**What the exercise asks**
Once the images are set aside, output the listing exactly as it stands.

━━━━━ Material provided ━━━━━

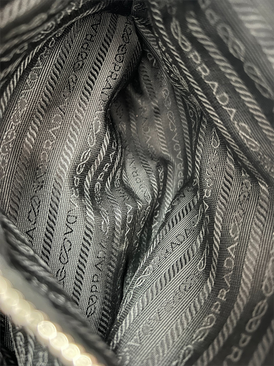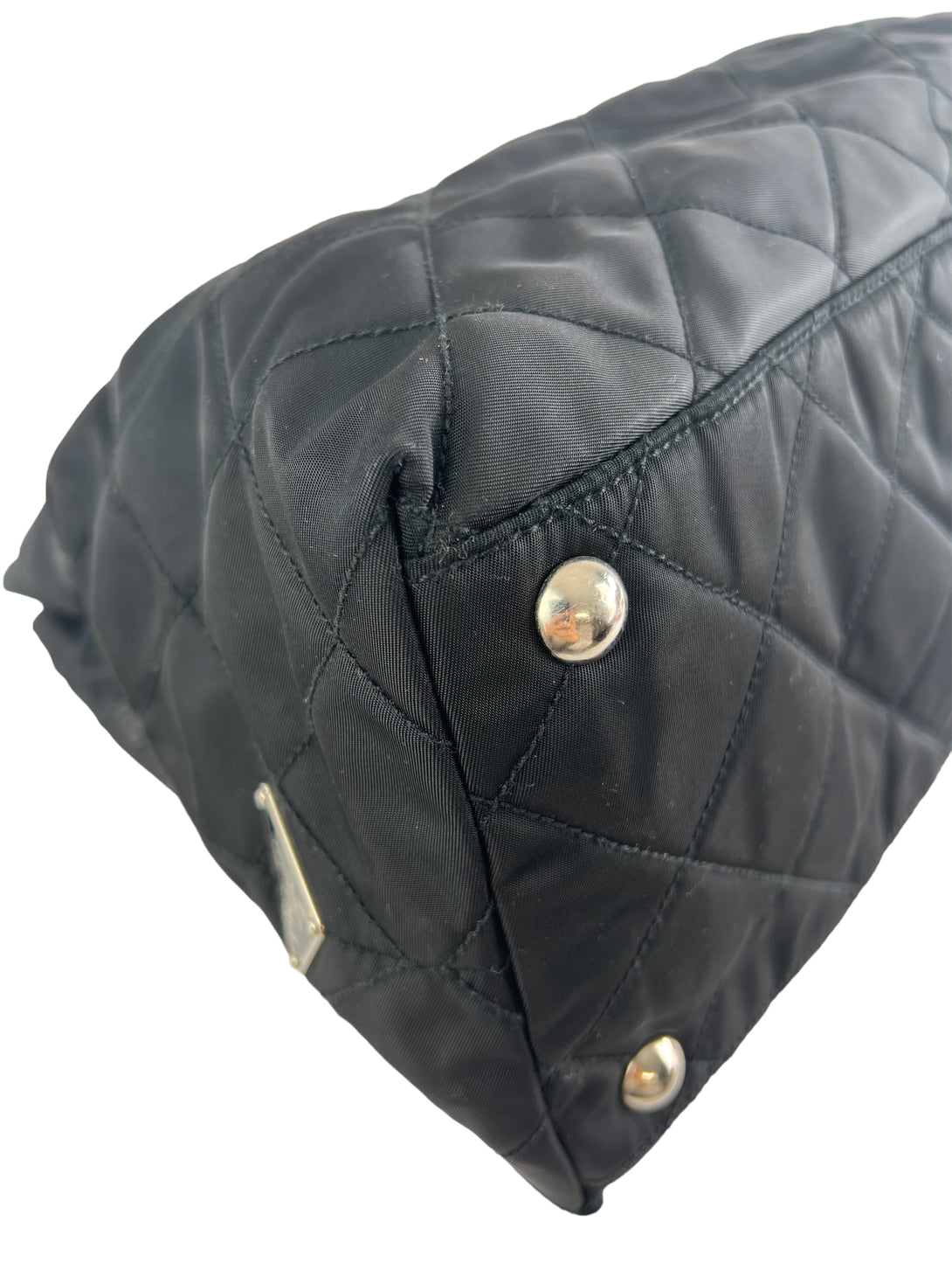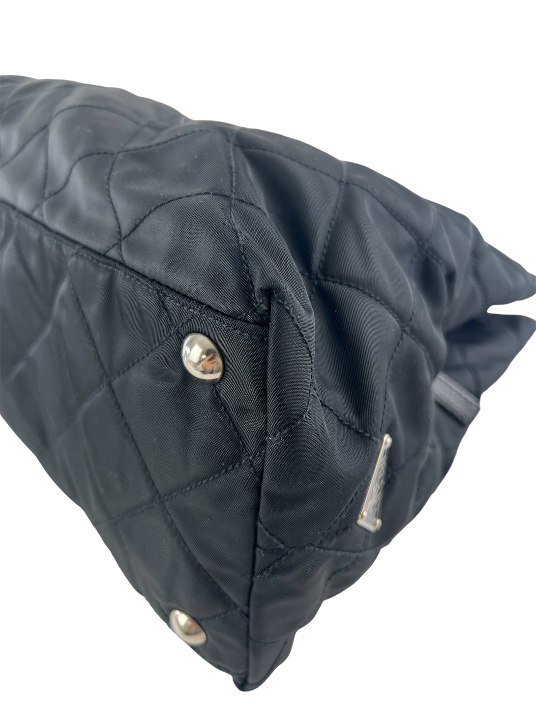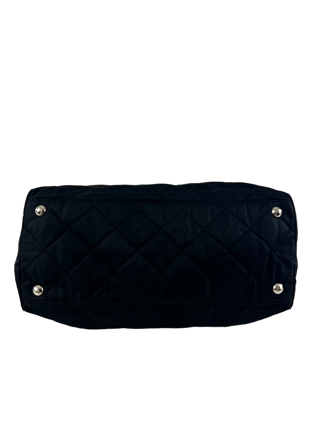 Prada Black Nylon Tote with Silver Chain Detail
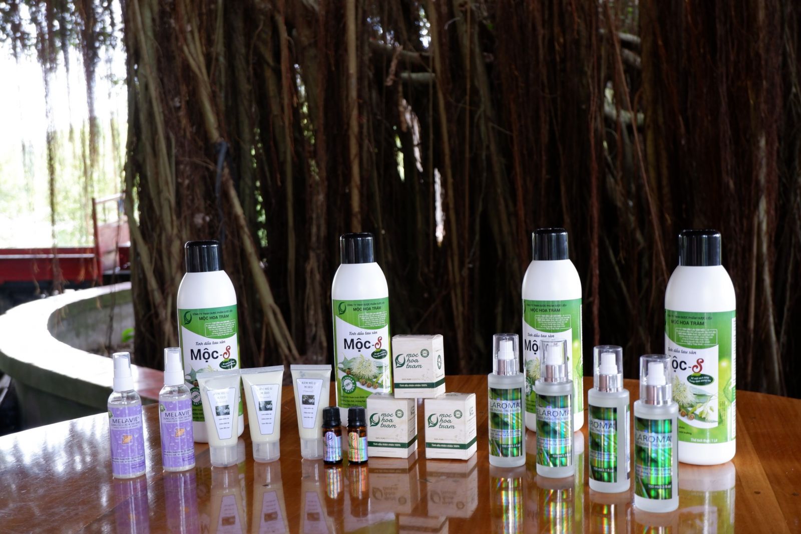 Tại Công ty TNHH Dược phẩm, Dược liệu Mộc Hoa Tràm, tọa lạc khu phố 3, thị trấn Bình Phong Thạnh, huyện Mộc Hóa, tỉnh Long An, đại diện công ty thuyết trình, giới thiệu 6 sản phẩm gồm: tinh dầu xịt phòng MELAROMA; tinh dầu tràm gió Mộc Hóa Việt Nam; tinh dầu lau sàn MỘC S; kem liền sẹo Mù u M.SEO; tinh dầu tràm trà TRA TRA và dung dịch tửa tay khô Melavie.
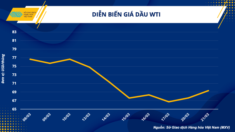 Theo Sở Giao dịch hàng hoá Việt Nam (MXV), giá dầu tiếp tục phiên phục hồi thứ 2 liên tiếp khi việc giải cứu Credit Suisse làm dịu bớt lo ngại về một cuộc khủng hoảng ngân hàng sẽ ảnh hưởng đến tăng trưởng kinh tế và làm giảm nhu cầu tiêu thụ nhiên liệu. Trong khi đó, gián đoạn trong việc sản xuất dầu tại nhà máy Pháp vẫn đang tiếp diễn do đình công, cũng đã thúc đẩy đà tăng của giá. Kết thúc phiên giao dịch ngày 21/03, giá dầu WTI tăng 2,73% lên sát ngưỡng 70 USD/thùng, dầu Brent tăng 2,07% lên 75,32 USD/thùng.
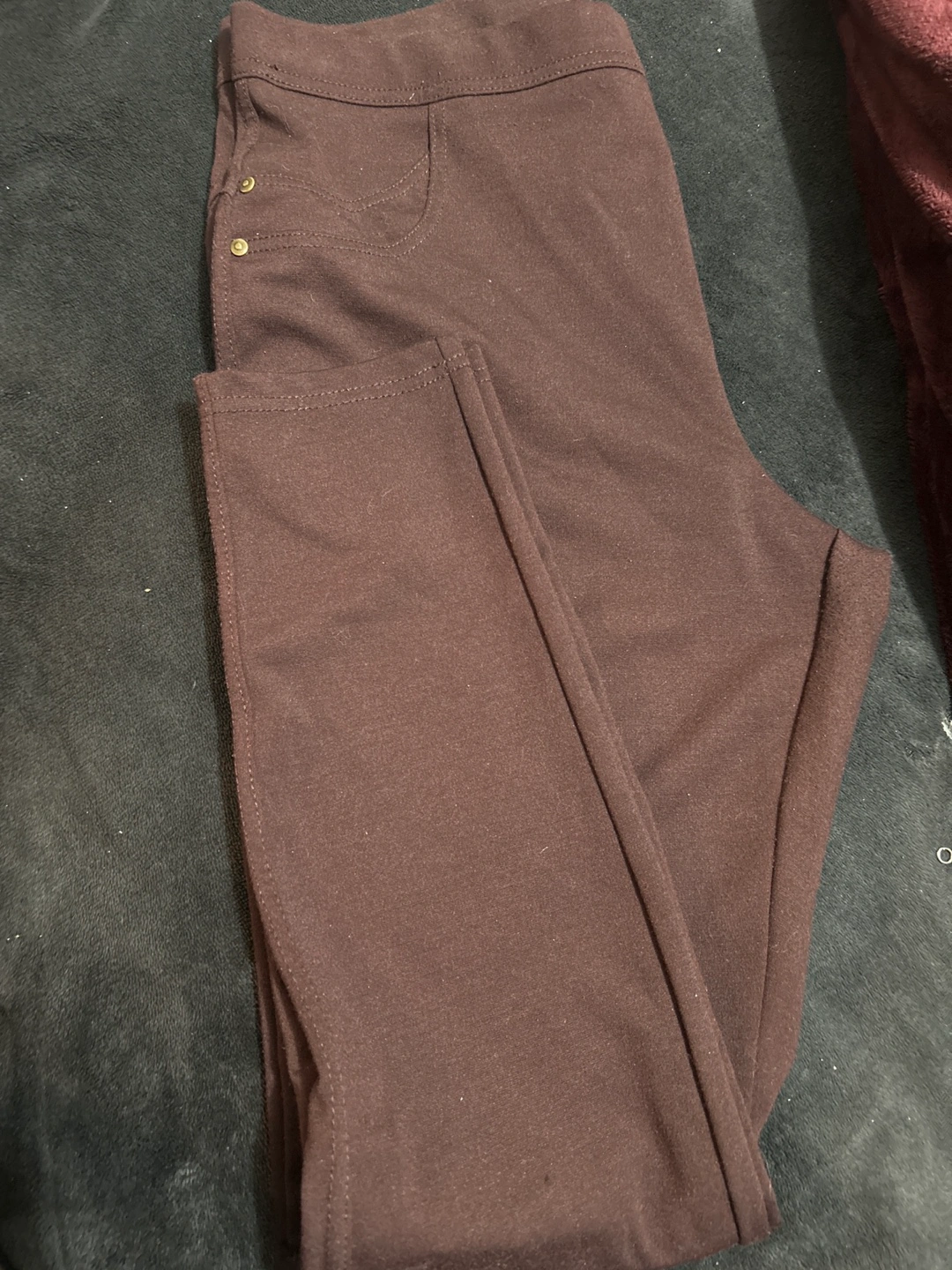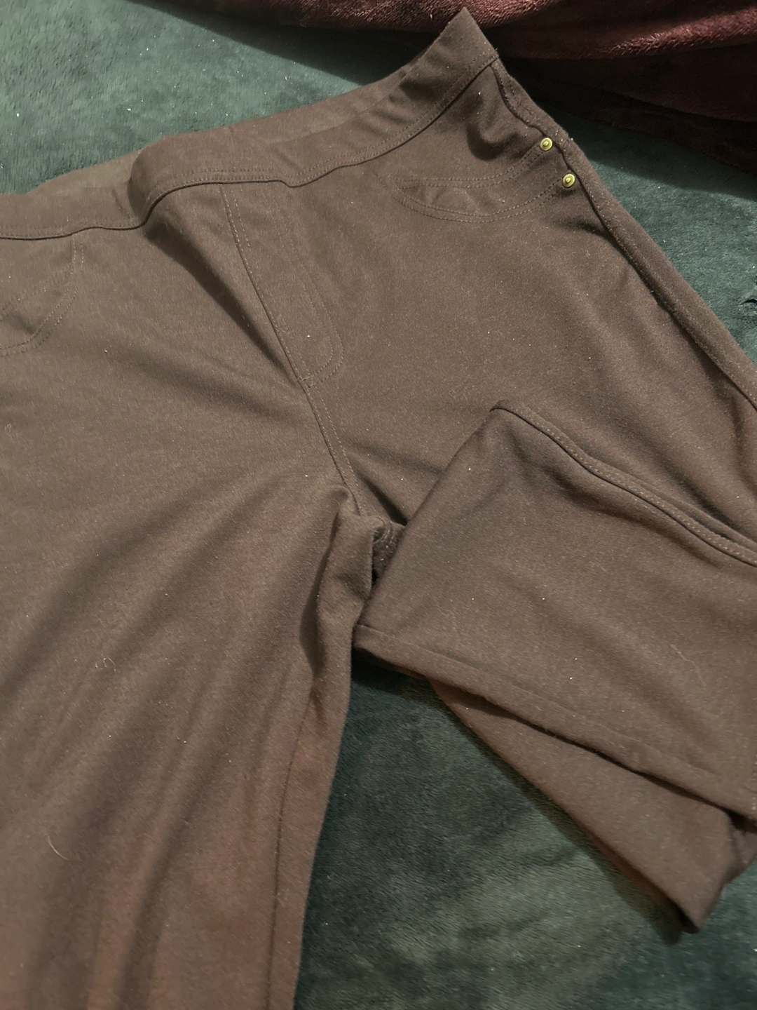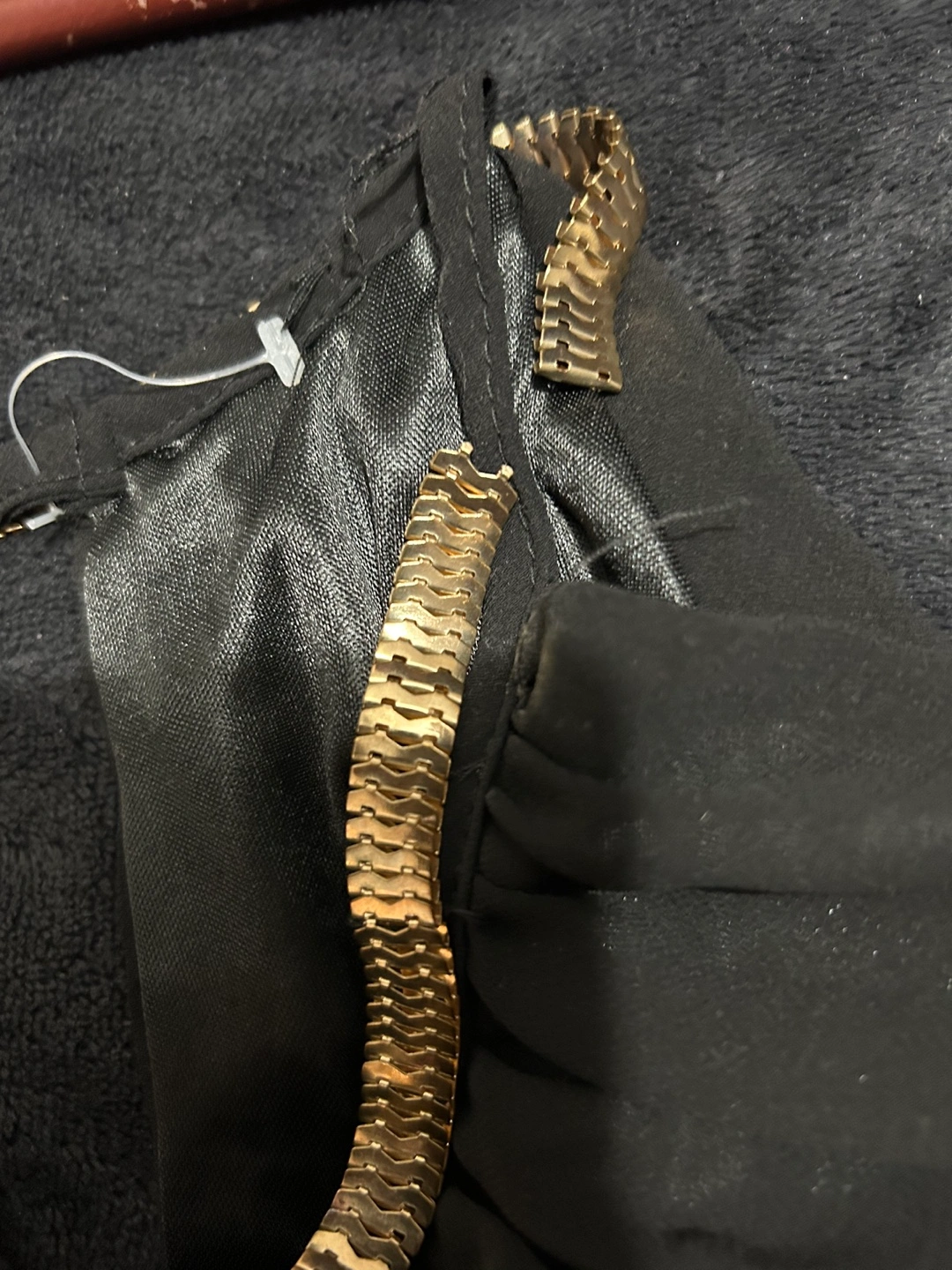 Black halter dress with a gold chain detail around the neckline. The dress is sleeveless and falls nicely . The fabric is lightweight and flowy. Never worn. If you are good with your hands, you can repair the gold metal part on one side coming off. It can just use a little bit of glue like E 6000 or a good fabric glue and it should be fine Brown stretch dress pants his size large

━━━━━

**Reply to the exercise**
 Prada Black Nylon Tote with Silver Chain Detail
 Tại Công ty TNHH Dược phẩm, Dược liệu Mộc Hoa Tràm, tọa lạc khu phố 3, thị trấn Bình Phong Thạnh, huyện Mộc Hóa, tỉnh Long An, đại diện công ty thuyết trình, giới thiệu 6 sản phẩm gồm: tinh dầu xịt phòng MELAROMA; tinh dầu tràm gió Mộc Hóa Việt Nam; tinh dầu lau sàn MỘC S; kem liền sẹo Mù u M.SEO; tinh dầu tràm trà TRA TRA và dung dịch tửa tay khô Melavie.
 Theo Sở Giao dịch hàng hoá Việt Nam (MXV), giá dầu tiếp tục phiên phục hồi thứ 2 liên tiếp khi việc giải cứu Credit Suisse làm dịu bớt lo ngại về một cuộc khủng hoảng ngân hàng sẽ ảnh hưởng đến tăng trưởng kinh tế và làm giảm nhu cầu tiêu thụ nhiên liệu. Trong khi đó, gián đoạn trong việc sản xuất dầu tại nhà máy Pháp vẫn đang tiếp diễn do đình công, cũng đã thúc đẩy đà tăng của giá. Kết thúc phiên giao dịch ngày 21/03, giá dầu WTI tăng 2,73% lên sát ngưỡng 70 USD/thùng, dầu Brent tăng 2,07% lên 75,32 USD/thùng.
 Black halter dress with a gold chain detail around the neckline. The dress is sleeveless and falls nicely . The fabric is lightweight and flowy. Never worn. If you are good with your hands, you can repair the gold metal part on one side coming off. It can just use a little bit of glue like E 6000 or a good fabric glue and it should be fine Brown stretch dress pants his size large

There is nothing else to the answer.